Nokia Corporation (NYSE:NOK): Target for a Merger?

Nokia Corporation (NYSE:NOK) stock crossed $2.50 on Tuesday gaining 5% in response to news that the company might soon offer Windows 8 devices on Lumia. While Nokia Corporation (NYSE:NOK) could improve its returns (performance suggests that the company’s operations are eroding markedly relative to peers, see our analysis), tighten its belt to reduce operating costs, and change its capital investment strategy (the company has invested capital relatively poorly and now may be inmaintenance mode) to achieve better performance relative to its peers, we also believe it is a target for a merger. CapitalCube’s Corporate Actions assessment is based on comparisons relative to peers. In the case of Nokia the peers we use are:

Nokia Corporation (ADR) (NYSE:NOK)

Company numbers are TTM (trailing twelve months) or latest available. Share price data is previous day’s close unless otherwise stated.This report does not predict dividend or equity actions but highlights corporate actions that are supported by fundamental company performance and corporate finance principles.

Overview

Nokia Corporation (NYSE:NOK)’s relative size and current valuation make it a possible merger target within this peer group. Its peer group includes companies like Apple Inc. (NASDAQ:AAPL), Alcatel Lucent SA (NYSE:ALU), and Motorola Solutions Inc. (NYSE:MSI)
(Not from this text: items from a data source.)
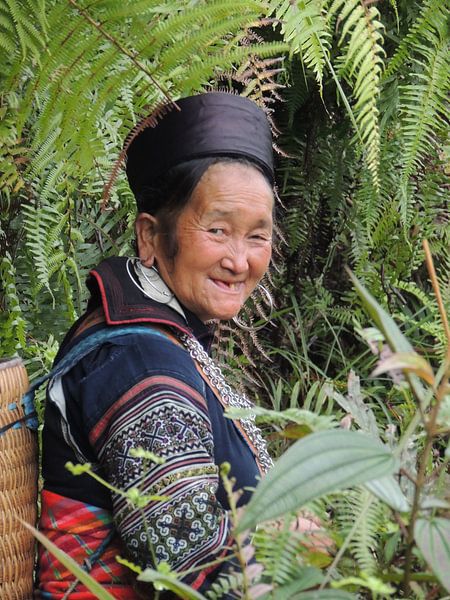 Deze vrouw begeleidde ons tijdens onze wandeltocht in Sapa, Vietnam. Op haar rug droeg zij een mand met verkoopswaren.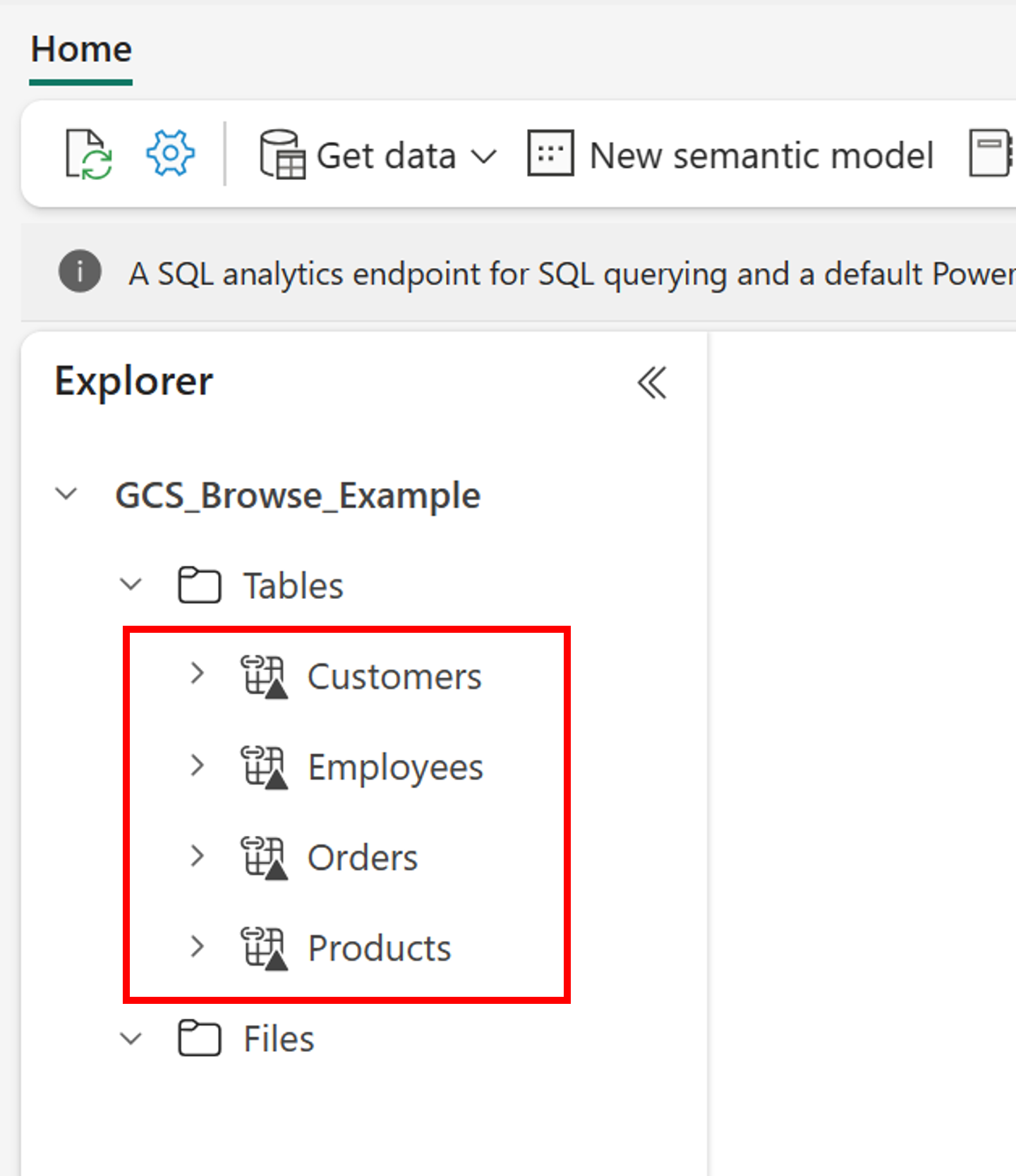 The lakehouse automatically refreshes. The shortcut appears in the left Explorer pane.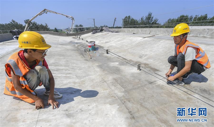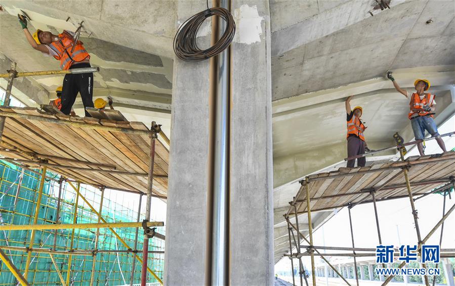 8月10日,工人在京雄城際鐵路霸州北站建設(shè)工地為雨棚梁底抹膩?zhàn)印>┬鄢请H鐵路霸州北站站臺(tái)雨棚混凝土結(jié)構(gòu)施工日前全部完成,目前霸州北站已全面轉(zhuǎn)入裝飾裝修和機(jī)電安裝階段,預(yù)計(jì)2020年底投入使用。京雄城際鐵路是連接北京市區(qū)、大興機(jī)場(chǎng)和雄安新區(qū)的重要干線。建成后,將進(jìn)一步完善京津冀區(qū)域高速鐵路網(wǎng)結(jié)構(gòu),便利沿線群眾出行,對(duì)于推動(dòng)京津冀協(xié)同發(fā)展和支撐建設(shè)雄安新區(qū)具有重要意義。新華社記者李曉果攝。

Nokia could achieve growth through acquisitions as it is big enough (by book value) and has only a modest level of goodwill on its balance sheet, but its valuation is not high enough to make acquisitions within this peer group easy.

Downward pressure on Nokia’s dividends due to relatively weak operating results and low interest coverage is offset by the high dividend quality and a strong cash cushion (for the dividend), which does not indicate the need to change dividend policy in the short-term.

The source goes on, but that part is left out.